In the past six years, the use of electronic voting machines has tripled and is now used by nearly 40 percent of registered voters. Questions about these machines first surfaced after the 2002 Georgia elections in which Sen. Max Cleland and Gov. Roy Barnes were upset by Republican challengers on Election Day, despite leading in the polls, and it was later discovered that Diebold had covertly implemented a program patch entitled “rob-georgia.zip” shortly before the election. These suspicions grew exponentially after the 2004 election in which exit polls “incorrectly” showed John Kerry winning the national vote and key states such as Nevada, Ohio, New Mexico and Iowa, but otherwise were “correct” in non-swing states and precincts without electronic voting.
What was particularly egregious was that Diebold’s CEO promised to deliver Ohio to President Bush and proved to be a man of his word since significant discrepancies between the official tally and exit polls favored Bush 90.9 percent of the time. Mistrust and concerns over electronic voting machines continued to escalate in this election cycle with the release of documentaries such as HBO’s “Hacking Democracy” and reports by the U.S. Government Accountability Office U.S. Government Accountability Office and private groups which collectively found that current voting systems were plagued with over 120 security threats and failed to meet “even the most minimal security standards.”
A Johns Hopkins University study concluded that “we must carefully consider the risks inherent in electronic voting, as it places our very democracy at risk.” The absence of widespread fraud, however, does not mean that this election was a success for the new technology.
There were a number of reports of machines failing to register votes or flipping votes to a candidate not selected by the voter. For example, in the Florida race to fill Katherine Harris’ Congressional seat, there are calls for a revote after over 18,000 votes (or approximately 13 percent) went unrecorded in a race decided by 369 votes. In addition, across the nation, voters waited in line for hours because of machine failures, inexperienced poll workers and lack of voting machines. In Maryland, a lack of voting machines meant that Sharolyn Hyson had to wait over three hours, until after 11 p.m., to vote. The African American eloquently noted that while the wait was nothing compared to the sacrifices of her ancestors who “died for the right to vote … this is the 21st Century in the United States. We can do better.”
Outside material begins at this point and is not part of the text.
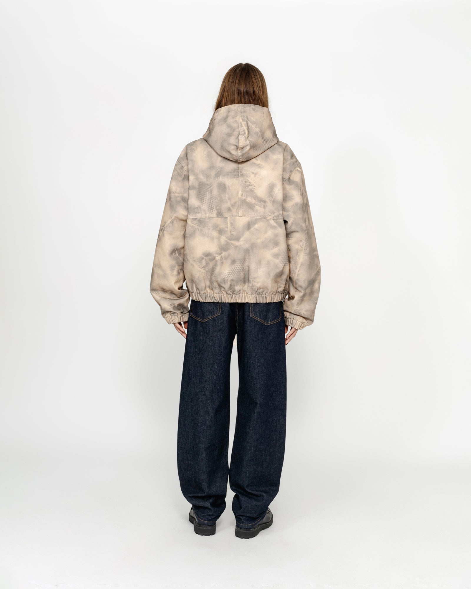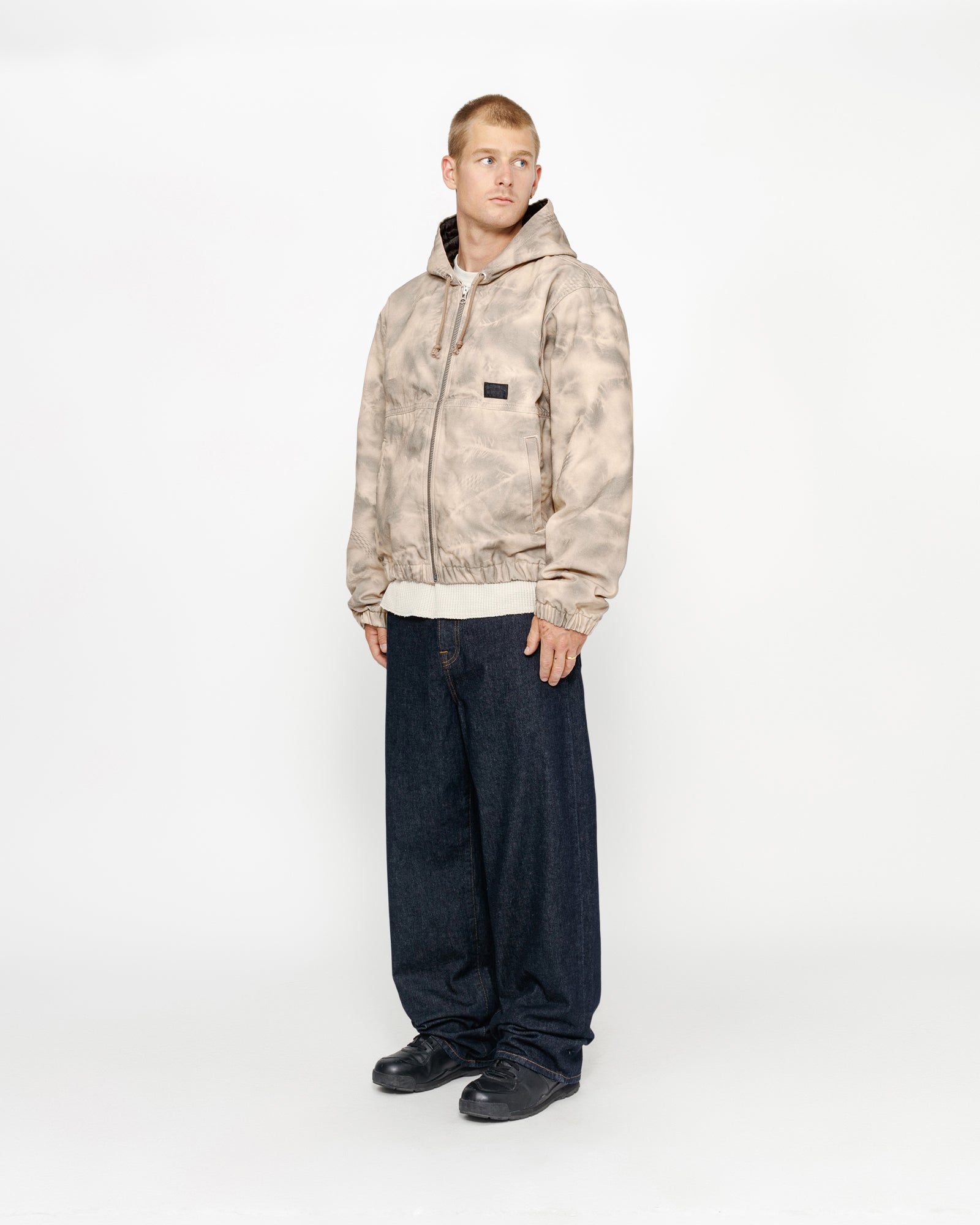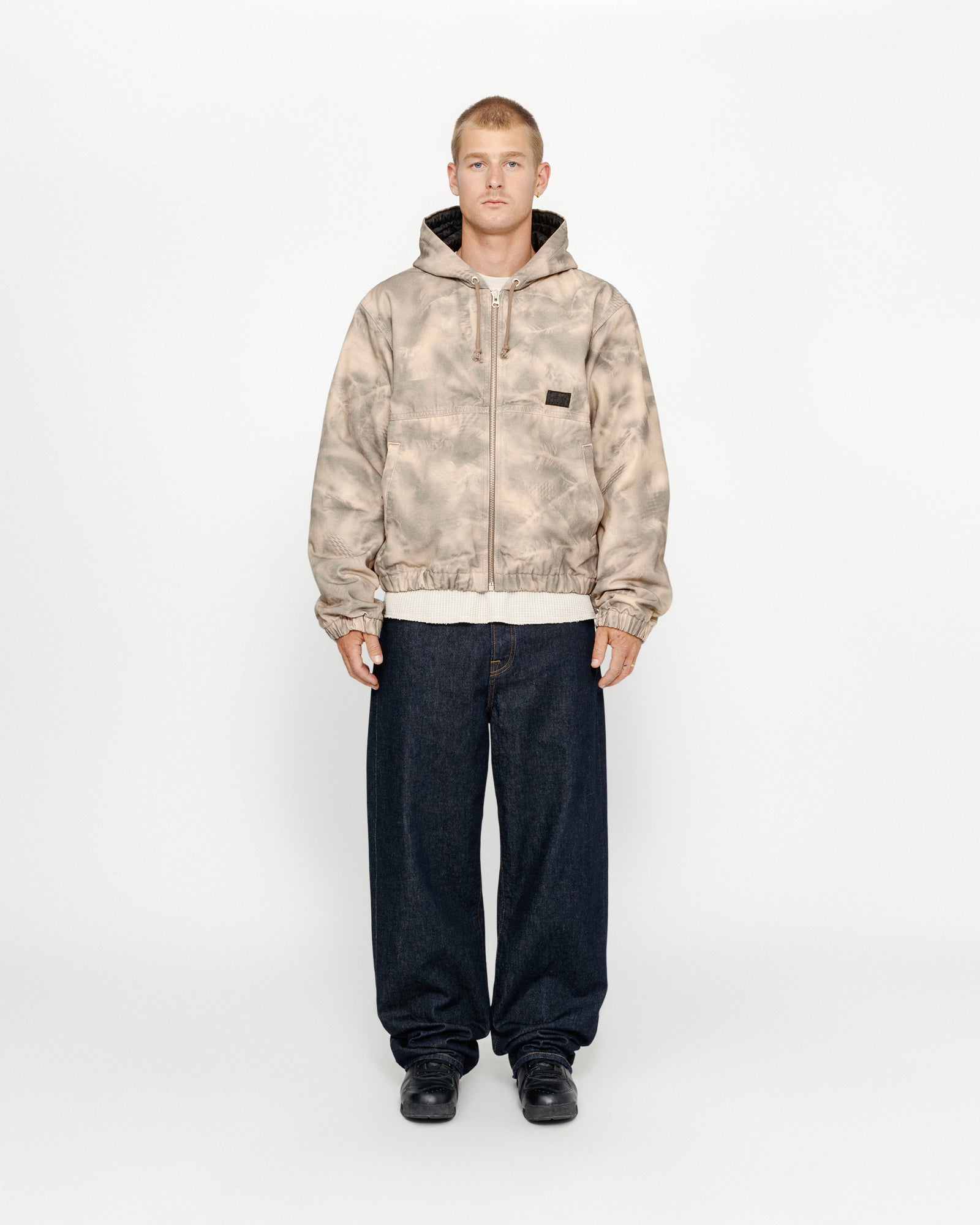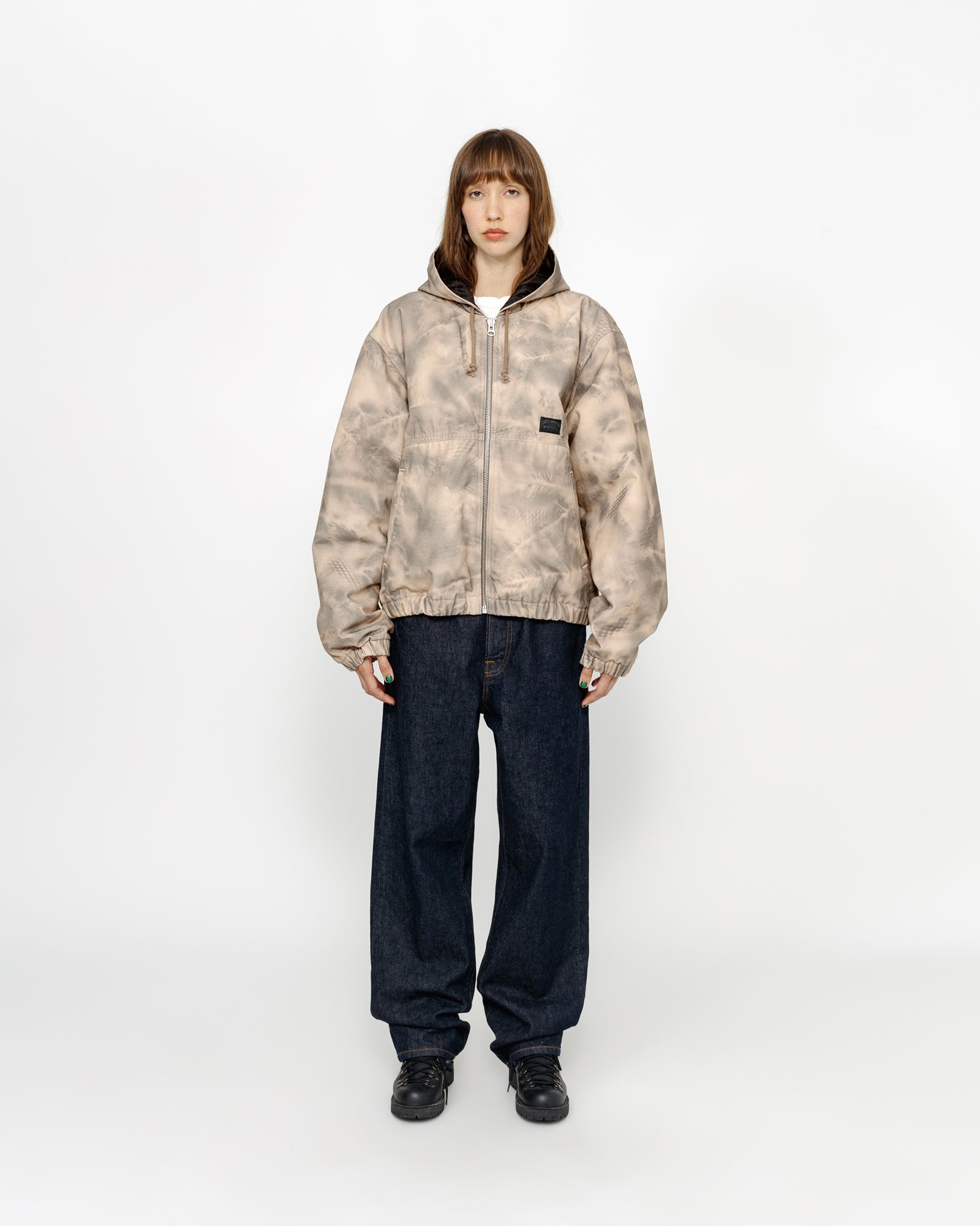 Hooded work jacket in printed cotton canvas with quilted satin lining. Custom stencil camo artwork developed by Caleb Flowers. Boxy fit featuring a zip front closure and welt pockets. workgear label woven at the front.

Ms. Hyson is absolutely right. Since the 2000 Florida fiasco there have been two major commissions on election reform – the National Commission on Election Reform (co-chaired by former Presidents Carter and Ford) and the Commission on Federal Election Reform (co-chaired by Carter and former Secretary of State James Baker) – which have provided detailed recommendations for reform. It is now time for action and the restoration of a Democratic Congress and the election of Debra Bowen (whom one blog labeled the “election integrity queen”) as Secretary of State in California increases the likelihood of significant voting reform. Congress must act quickly to restore confidence in our voting process, while Bowen should push to make California a model of electoral reform for other states and even Congress to follow.
The starting point, however, must be to address the vulnerability of electronic voting machines to attack or abuse since, as Tom Stoppard notes, “(i)t’s not the voting that’s democracy, it’s the counting.” That is why it is appalling that Las Vegas’ slot machines are subject to greater scrutiny than most voting machines, as unlike most election regulators the Nevada Gaming Commission has the source code for any software used, performs spot inspections and requires background checks for all programmers.
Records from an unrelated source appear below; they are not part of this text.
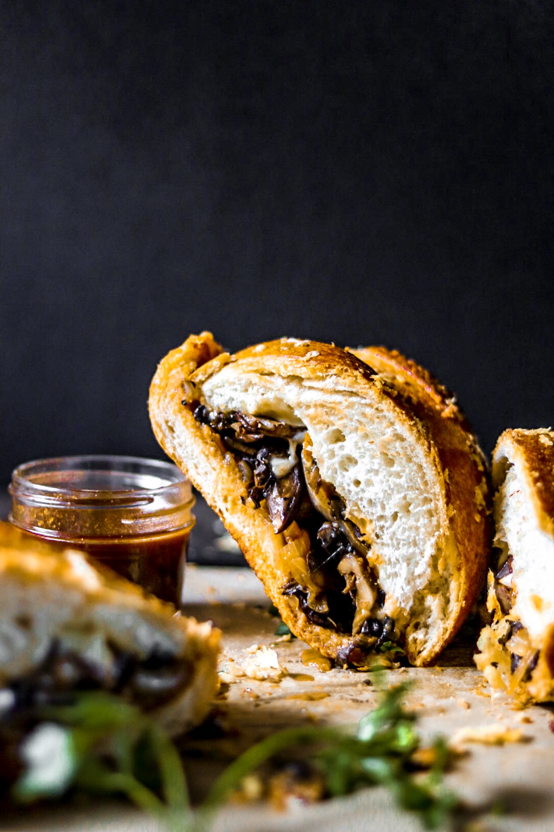 The longer you let your mushrooms and onions simmer, the deeper, richer, and thicker becomes the sauce. I support a 30+ minute cook time, but if you don’t have as many minutes to spare, 10-15 works well enough and you can leave the gravy in the pan while the sandwich bakes to create the thick end product perfect for dipping.
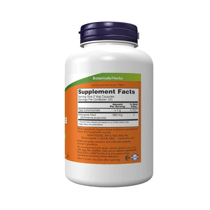 NOW Echinacea 400 mg provides pure echinacea root to support immune health. Vegetarian capsules, allergen-free, and GMP-certified for quality.
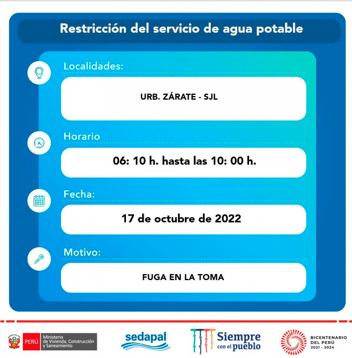 El Servicio de Agua Potable y Alcantarillado de Lima (Sedapal) anunció que el servició de agua potable será suspendido para hoy lunes 17 de octubre en los distritos limeños de La Molina, Ate, Los Olivos, San Juan del Lurigancho y Pueblo Libre. Esto como parte de los trabajos de mejoramientos del servicio, por lo que en esta nota de El Popular te contamos los horarios y las principales zonas afectadas.
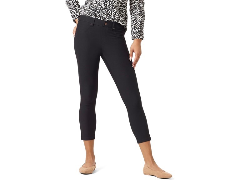 - (1) HUE Women's Essential Denim Capri Leggings with Pockets and Side Slits, Comfortable Pull On Pants, Black, X-Large
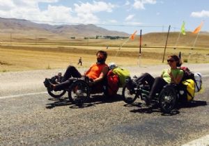 Fransa’nın Paris şehrinde yaşayan Anna ve Nicolas çifti, macera yaşamak üzere 5 ay önce 3 tekerlekli yatay bisikletleriyle dünya turuna çıktı. Sırasıyla, İtalya, Almanya, Makedonya ve Yunanistan gibi ülkeleri geçerek Türkiye’ye giriş yapan Fransız çift, dün öğle saatlerinde Van’ın Özalp ilçesine giriş yaptı. Anna ve Nicolas çift, buraya yaptıkları alışveriş sonrası yollarına devam etti. Dünya turlarını 1 yılda bitirecek olan çift, sırasıyla İran, Türkmenistan, Özbekistan, Tacikistan, Çin, Vietnam, Kamboçya ve Tayland üzerinde Hong Kong’a giderek dünya turlarını bitirecek.
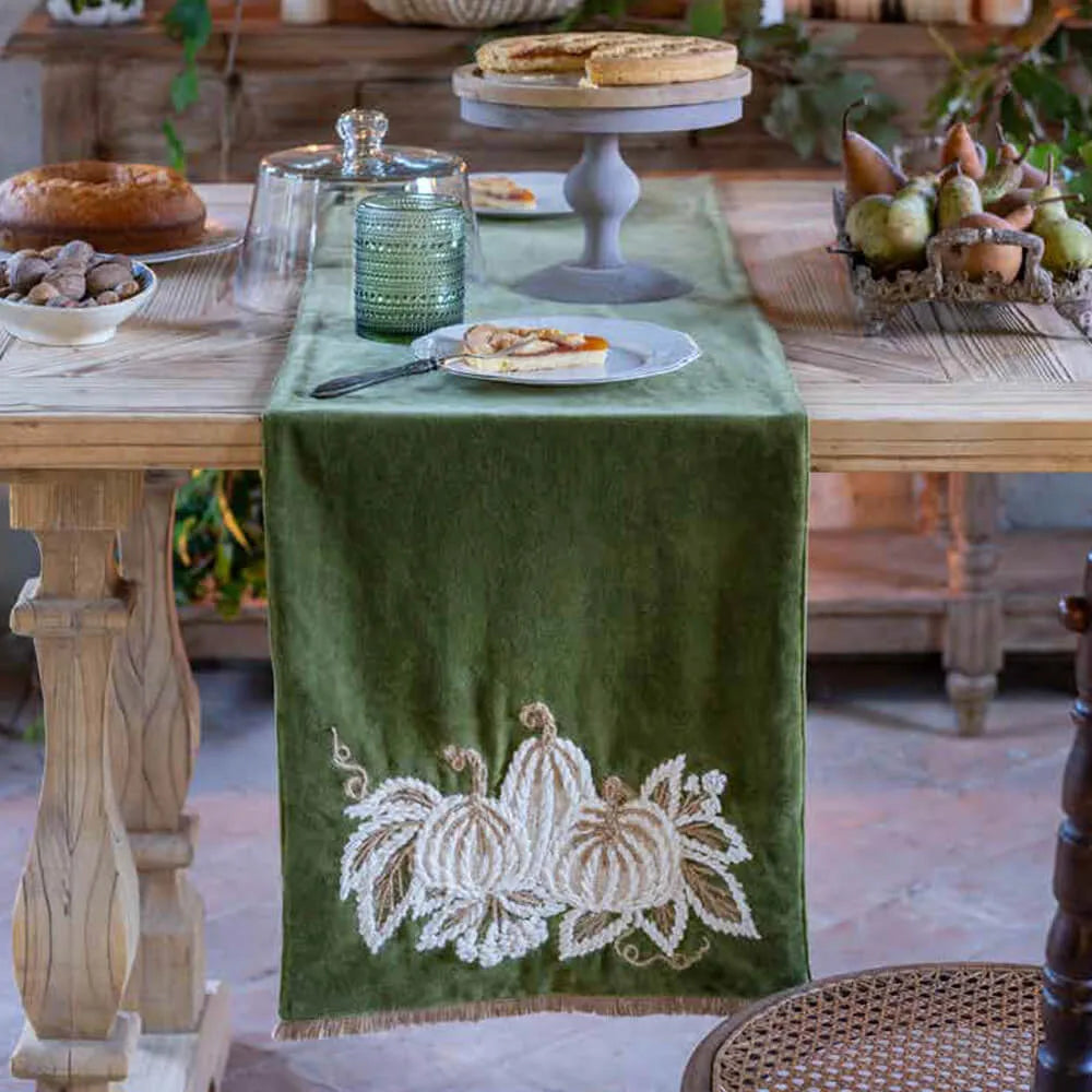 Elegante e ricercato, il runner “Zucche di Sogno” di Blanc Mariclò è pensato per vestire la tavola nei mesi autunnali con stile. Realizzato in morbido velluto 100% microfibra color verde oliva, presenta un ricamo centrale composto da tre zucche panna e foglie stilizzate, disposte in una composizione armoniosa e raffinata. Il bordo inferiore è rifinito con una delicata frangia tono su tono, che aggiunge un tocco vintage e sofisticato.
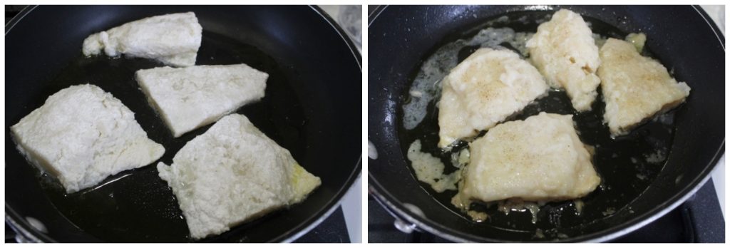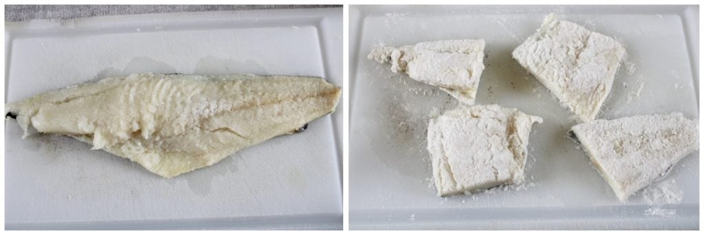 Entre-temps, farinez les filets de cabillaud (coupez-les en morceaux s’ils sont trop grands), secouez-les pour éliminer l’excès de farine

It is not enough to ensure that the voting process is secure since, as the 2001 National Commission on Election Reform stressed, Americans “can and should expect their system to be a source of national pride and a model to all the world.” A voting system to be proud of is one where voting booths are allocated based on the number of registered voters in the region and not their ethnicity; where there are serious consequences for attempting to suppress the vote through intimidation or misinformation; and which is not tainted by the partisan ambitions of the election administrators. There is an old proverb “do not stand in a dangerous place trusting in miracles,” which reminds us that while we may have dodged a bullet on Election Day, this offers no guarantee for future elections. It is imperative that we address this continued threat since democracy is too precious for its preservation to depend on luck or miracles.